Furthermore, the linear and volumetric LV parameters, as well as their indexed values, also differed significantly between the study groups. In Group I patients, these parameters were significantly higher compared with those in Group II: iEDD – by 17.7% (p = 0.047), iESD – by 23.3% (p = 0.041), EDV – by 19.2% (p < 0.01), iEDV – by 28% (p < 0.01), ESV – by 31.7% (p < 0.01), and iESV – by 41% (p < 0.01). These findings are most likely related to hemodynamic overload with subsequent cardiac remodeling in patients not only with AH and CHF, but also in the presence of SAS.

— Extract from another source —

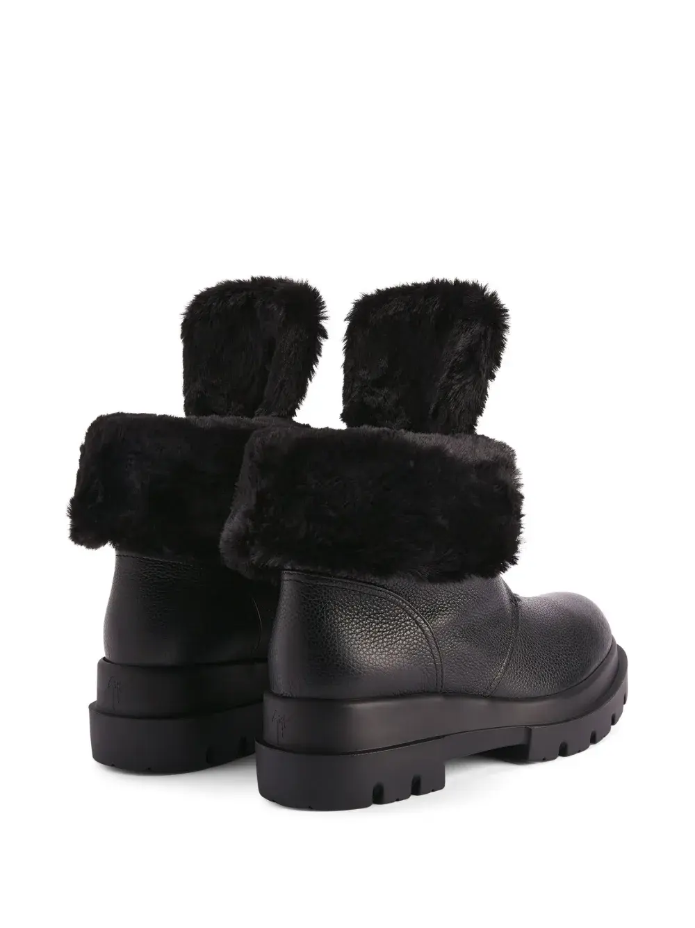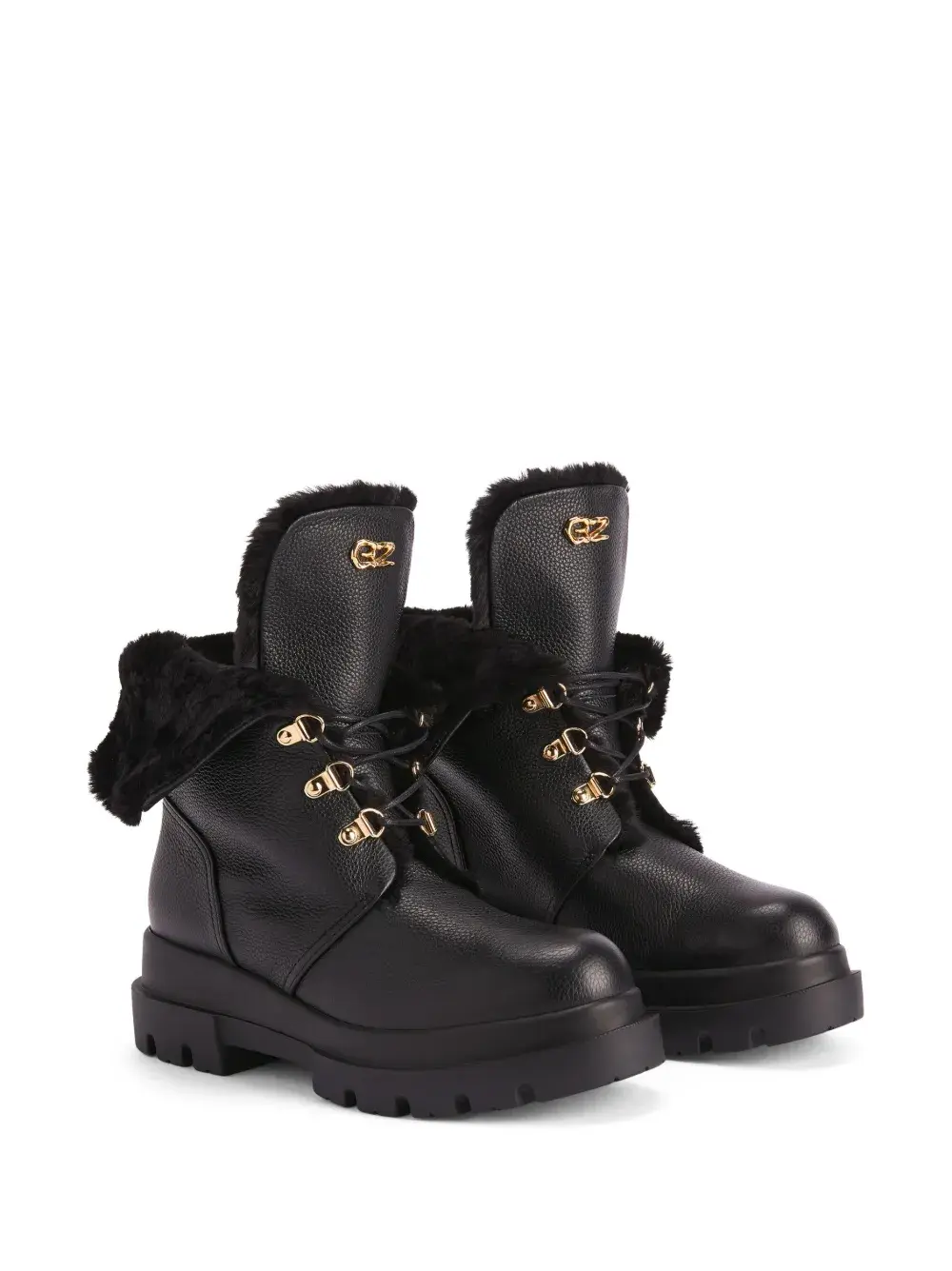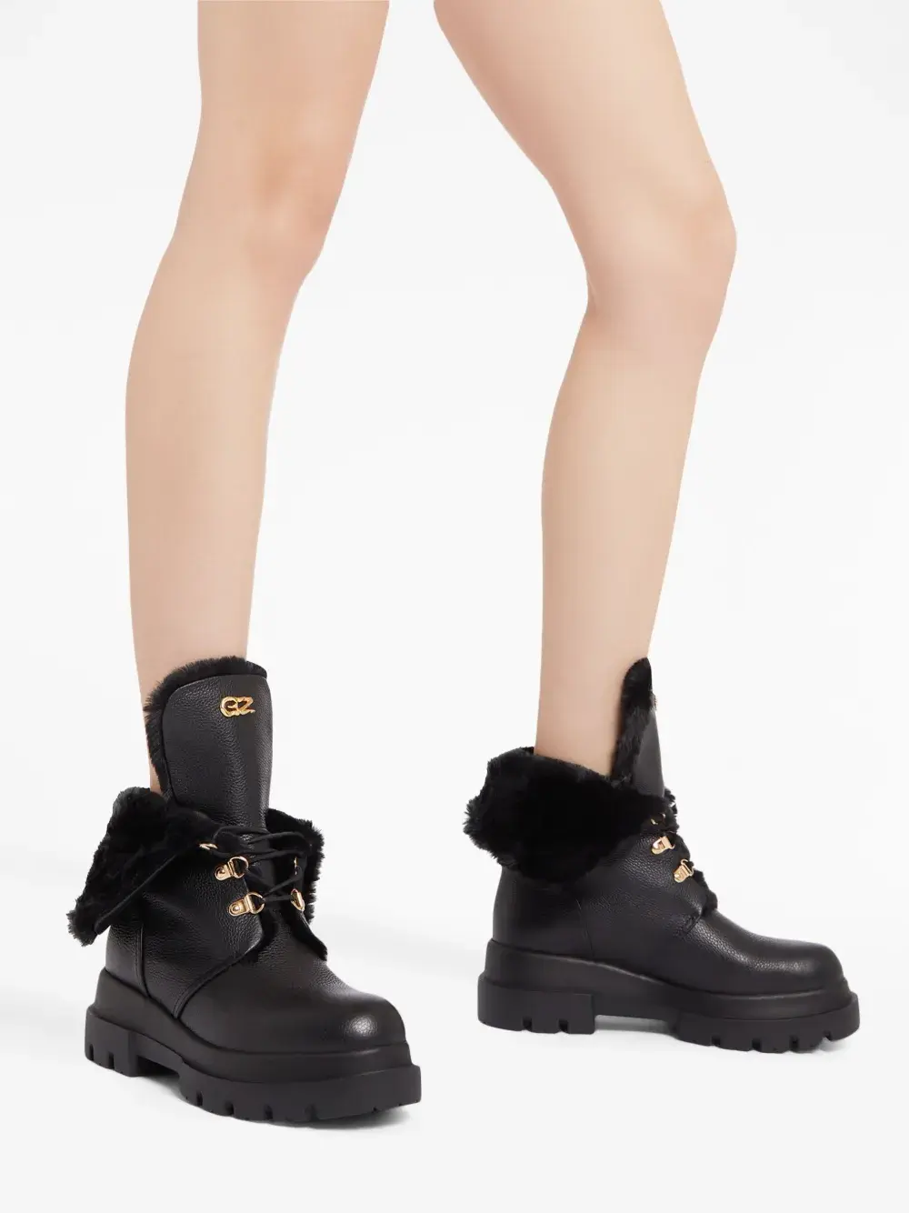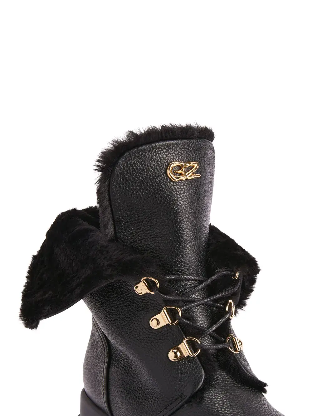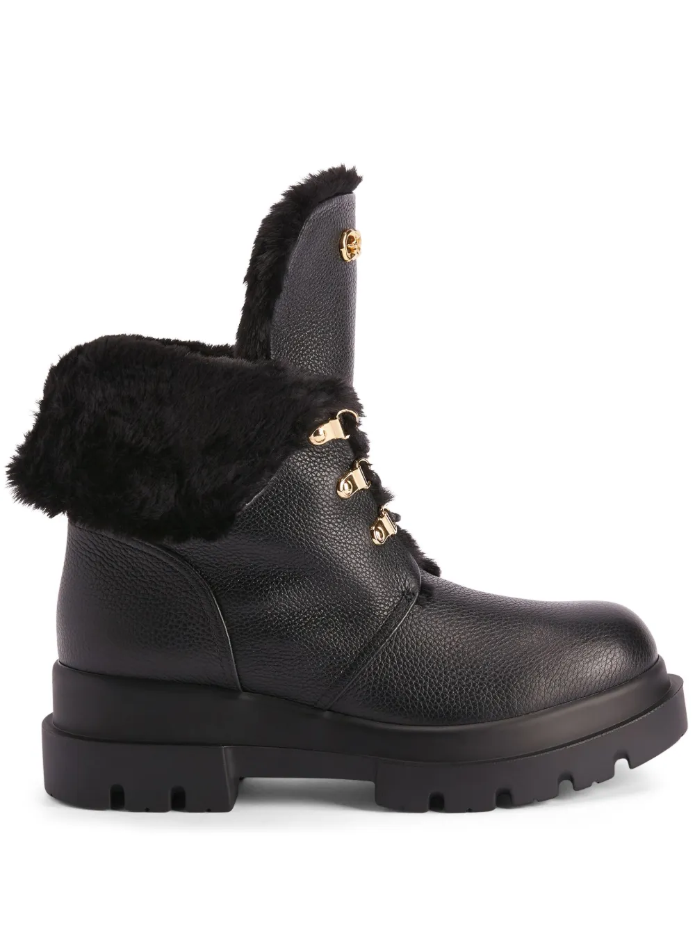 Черный, кожа, зернистая текстура, подкладка из искусственного меха, золотистый металлический логотип, золотистая фурнитура, закругленный носок, шнуровка спереди, высота по щиколотку и массивная резиновая подошва.

Analysis of LV morphometric parameters revealed the presence of LV hypertrophy in all patients included in the study. Despite the absence of significant differences in LV wall thickness (IVS and PWTLV) between the groups (p > 0.05), LVH was statistically significantly more pronounced in patients with AH and CHF in the presence of SAS, as evidenced by a 22.2% higher LV mass index (LVMI) (p = 0.001).
Based on RWT and LVMI values, the types of LV remodeling were determined in the study participants. As shown in Figure 3, patients with AH, CHF, and SAS had a significantly higher prevalence of concentric LV remodeling and a lower prevalence of concentric LV hypertrophy (CLVH) compared with patients with AH and CHF without SAS (p < 0.05). The prevalence of eccentric LV hypertrophy (ELVH) did not differ significantly between the groups (p > 0.05).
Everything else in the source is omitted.